We have changed the model based on your suggestions, and present a new summary figure that gives a better overview of the results. It also highlights the relationships and interactions between GRAS factors and their partners, and displays commonalities and important differences RAM and SAM.
Additional detail should be added. For example, the expression pattern of SCR and SCL23 seems not to overlap and yet these proteins are drawn in the same complex.
Regarding the expression patterns of SCR and SCL23, it's important to note that their expression does overlap in the primordia. This can be seen in Figure 5C-D' and Figure 5-FigSuppl1D, indicated by the arrowheads. In addition, we conclude that SCL23 protein is very mobile, which was already noted earlier by others when studying SCL23 function in the root system. We also found that while SCL23 promoter activity is confined to the organising centre of the SAM, the SCL23 fusion proteins are found in a much larger domain. We deduce from this observation (described in the text) that SCL23 protein can serve to communicate cell fate decisions between CZ and PZ.
The inclusion of SCL23 in the core complex with SHR and SCR is also inconsistent with LOF phenotypes reported as being additive (line 460).
We appreciate the opportunity to clarify these points. In our study, we have presented evidence for the interaction between SHR and SCR in the SAM. Because SHR, SCR and SCL23 proteins are all found in specific regions of the PZ, we deduce that protein complexes comprising SHR, SCR and SCL23 can form there. This is illustrated in Figure 5C-D' and Figure 5-FigSuppl1D (arrowheads). It has been shown previously that in RAM, SHR, SCR and SCL23 proteins can interact (Long et al., 2015a). In our manuscript, we have also taken into account the functional aspects of this complex. Our results indicate that SHR plays a pivotal role as the core component in this signaling pathway. This conclusion is supported by our demonstration that shr mutants exhibit epistatic effects over scl23 mutants in double mutant combinations, as shown in Figure 5-FigSuppl2A-H'. This observation aligns with similar findings presented by Yoon et al., 2016. We hope this clarifies this point!
Indicating which interactions are experimentally validated in the SAM and which are putative interactions, would avoid ambiguous interpretation.

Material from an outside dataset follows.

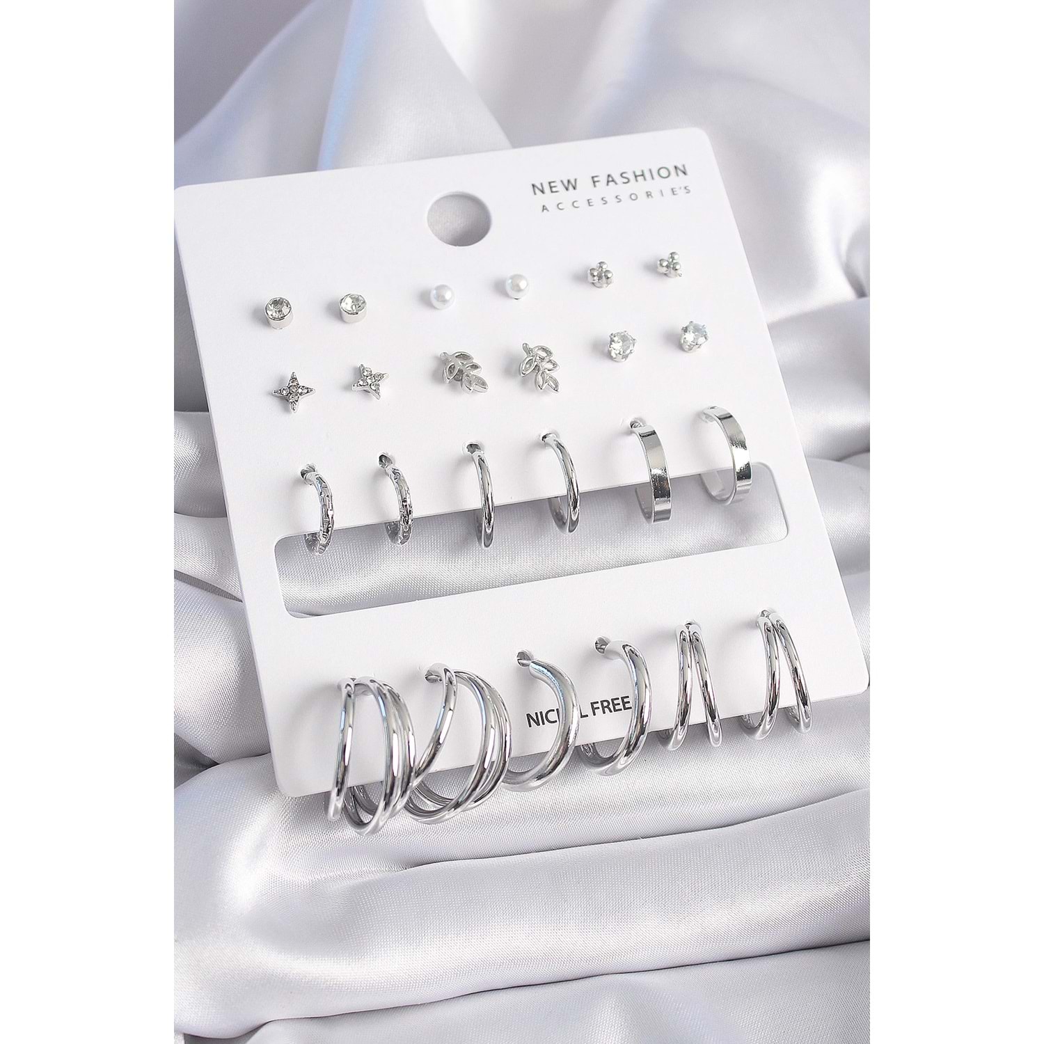 Pirinç Gümüş Renk Zirkon Taşlı 12 Çift Küpe Seti

The authors could also add different shades for the domains where the protein moves so the reader can easily distinguish between transcriptional and translational expression.
We have incorporated distinct labeling to allow readers to easily differentiate between transcriptional and translational reporter lines, and therefore gene expression and presence of the (mobile) protein (Fig6).
3) Several issues need to be resolved with the JKD model. One reviewer notes that the SHR-SCR interaction seems to happen in different cells than the SCR-JKD interaction. Are representative images and/ or protein-protein imaging data that could support the conclusion of the authors that SHR-SCR-JKD are localized in the same cell type and that is where they interact? A second reviewer was not clear on the model for JKD influencing the SCR and SHR dimers and activities in the meristem.
SHR, SCR, and JKD proteins are all present within the same overlapping domain, specifically in the lateral organ primordia, which is now illustrated better in Figures 3H and 3I. In this domain, JKD interacts with SCR (Fig3N), and in the same domain, SHR also interacts with SCR (Fig2F and Fig2H).
PlaCCI expression appears to be measured in epidermis, but JKD isn't there, so is the presumed longer G1 phase indirect and due to the proposed sequestering of SHR-SCR?
It is possible that JKD operates in a manner similar to its role in the root, exerting control over SHR mobility and prompting additional ectopic cell divisions. Addressing the cell cycle reporter aspect, we examined the expression of pCDT1a:CDT1a-eCFP, pHTR13:pHTR13-mCherry, and pCYCB1;1:NCYCB1;1-YFP in cells across the entire meristem excluding lateral organ primordia. To achieve this, we employed nucleus segmentation through Imaris, as detailed in the material and methods section. Figure 1-FigSuppl1P shows a visual representation of our measurements.
Given the lower levels of JKD relative to SHR and SCR, is this a reasonable hypothesis? Also starting on line 276, it was not clear how the data for JKD-SCR indicate the behavior with SHR-SCR. Lifetime measurements seem to go down the same about for FRET data in 6H and 4E. It was not clear how this assay could distinguish between binary and ternary complexes of SHR-SCR-JKD.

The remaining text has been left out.